| Task |
Leave every picture out. Set down all the lines below exactly.

| Given material |
:::
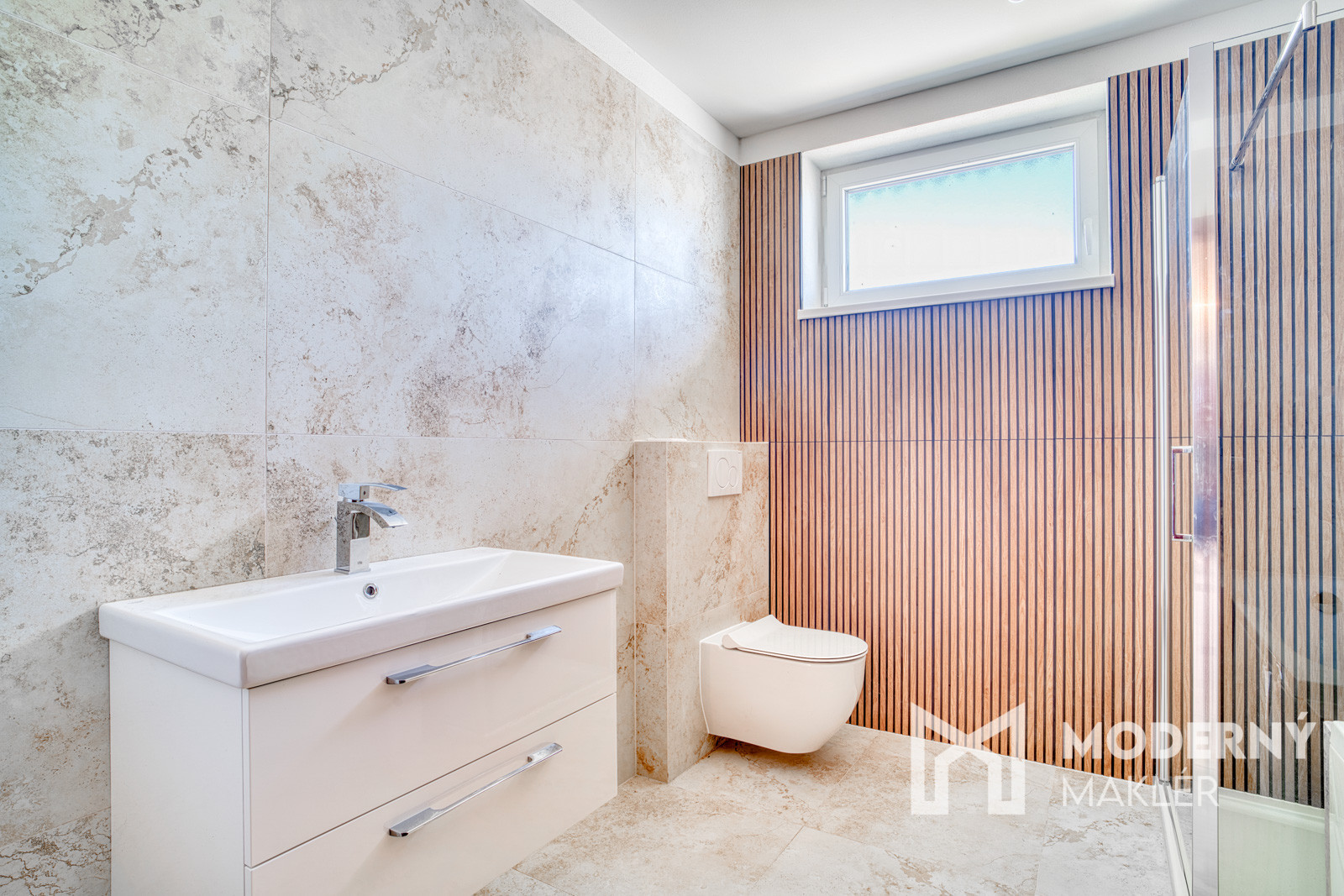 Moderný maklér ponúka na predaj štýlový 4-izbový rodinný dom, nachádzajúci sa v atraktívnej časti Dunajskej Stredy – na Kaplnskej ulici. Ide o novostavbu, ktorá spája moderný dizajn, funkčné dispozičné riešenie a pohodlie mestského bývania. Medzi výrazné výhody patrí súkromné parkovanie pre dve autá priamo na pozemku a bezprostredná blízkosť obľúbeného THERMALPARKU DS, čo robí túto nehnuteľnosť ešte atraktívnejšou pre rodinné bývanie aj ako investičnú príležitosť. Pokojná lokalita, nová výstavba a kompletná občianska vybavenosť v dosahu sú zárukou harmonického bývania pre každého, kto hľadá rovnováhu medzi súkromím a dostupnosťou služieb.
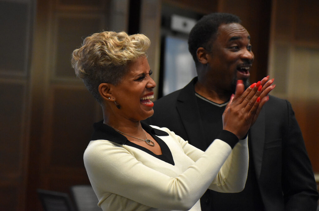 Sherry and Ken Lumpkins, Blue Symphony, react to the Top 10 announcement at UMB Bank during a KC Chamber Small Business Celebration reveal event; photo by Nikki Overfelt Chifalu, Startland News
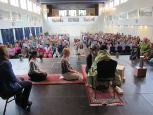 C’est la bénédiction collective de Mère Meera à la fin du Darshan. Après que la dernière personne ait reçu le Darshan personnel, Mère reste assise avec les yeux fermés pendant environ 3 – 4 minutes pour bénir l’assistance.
:::
| Answer area |
 Moderný maklér ponúka na predaj štýlový 4-izbový rodinný dom, nachádzajúci sa v atraktívnej časti Dunajskej Stredy – na Kaplnskej ulici. Ide o novostavbu, ktorá spája moderný dizajn, funkčné dispozičné riešenie a pohodlie mestského bývania. Medzi výrazné výhody patrí súkromné parkovanie pre dve autá priamo na pozemku a bezprostredná blízkosť obľúbeného THERMALPARKU DS, čo robí túto nehnuteľnosť ešte atraktívnejšou pre rodinné bývanie aj ako investičnú príležitosť. Pokojná lokalita, nová výstavba a kompletná občianska vybavenosť v dosahu sú zárukou harmonického bývania pre každého, kto hľadá rovnováhu medzi súkromím a dostupnosťou služieb.
 Sherry and Ken Lumpkins, Blue Symphony, react to the Top 10 announcement at UMB Bank during a KC Chamber Small Business Celebration reveal event; photo by Nikki Overfelt Chifalu, Startland News
 C’est la bénédiction collective de Mère Meera à la fin du Darshan. Après que la dernière personne ait reçu le Darshan personnel, Mère reste assise avec les yeux fermés pendant environ 3 – 4 minutes pour bénir l’assistance.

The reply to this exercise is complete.